[GIVEN RECORDS — start]

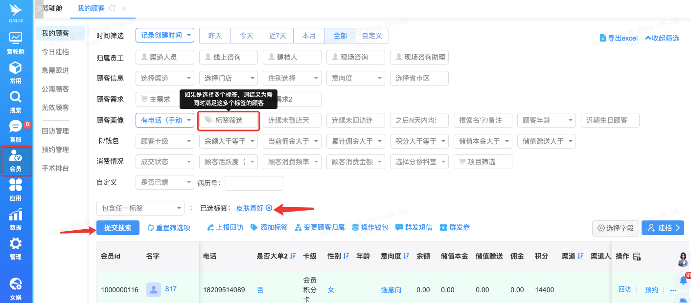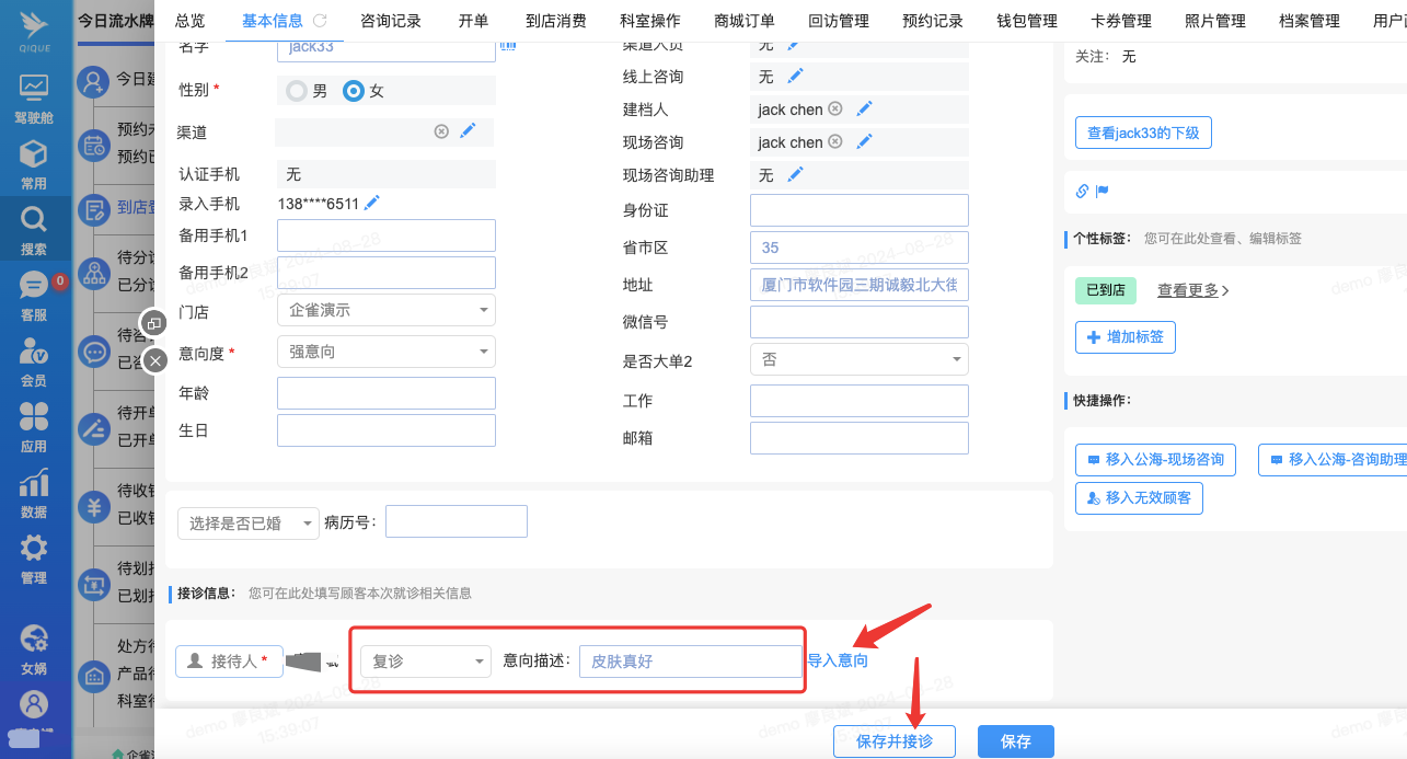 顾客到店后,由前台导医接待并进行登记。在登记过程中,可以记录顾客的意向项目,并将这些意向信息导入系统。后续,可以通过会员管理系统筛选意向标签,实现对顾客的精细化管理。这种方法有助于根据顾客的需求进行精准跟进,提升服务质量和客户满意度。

[GIVEN RECORDS — finish]
[GIVEN RECORDS — start]

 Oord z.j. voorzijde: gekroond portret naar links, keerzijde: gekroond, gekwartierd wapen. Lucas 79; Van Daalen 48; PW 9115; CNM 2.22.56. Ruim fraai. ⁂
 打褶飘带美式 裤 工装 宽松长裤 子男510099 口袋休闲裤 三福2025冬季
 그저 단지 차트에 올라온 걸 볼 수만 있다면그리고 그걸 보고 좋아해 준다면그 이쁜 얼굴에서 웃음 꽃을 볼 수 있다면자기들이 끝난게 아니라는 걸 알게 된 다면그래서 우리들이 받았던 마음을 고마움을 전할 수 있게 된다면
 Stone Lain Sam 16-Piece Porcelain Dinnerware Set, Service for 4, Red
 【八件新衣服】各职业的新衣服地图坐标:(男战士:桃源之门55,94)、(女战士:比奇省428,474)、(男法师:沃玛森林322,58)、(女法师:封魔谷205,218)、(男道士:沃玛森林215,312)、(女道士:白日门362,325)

[GIVEN RECORDS — finish]

**TASK DESCRIPTION**
Above this task is a listing. Restate, word for word and with nothing added, the lines from the one with "打褶飘带美式 裤 工装 宽松长裤 子男510099 口袋休闲裤 三福2025冬季" through the one with "Stone Lain Sam".

**YOUR RESPONSE**
 打褶飘带美式 裤 工装 宽松长裤 子男510099 口袋休闲裤 三福2025冬季
 그저 단지 차트에 올라온 걸 볼 수만 있다면그리고 그걸 보고 좋아해 준다면그 이쁜 얼굴에서 웃음 꽃을 볼 수 있다면자기들이 끝난게 아니라는 걸 알게 된 다면그래서 우리들이 받았던 마음을 고마움을 전할 수 있게 된다면
 Stone Lain Sam 16-Piece Porcelain Dinnerware Set, Service for 4, Red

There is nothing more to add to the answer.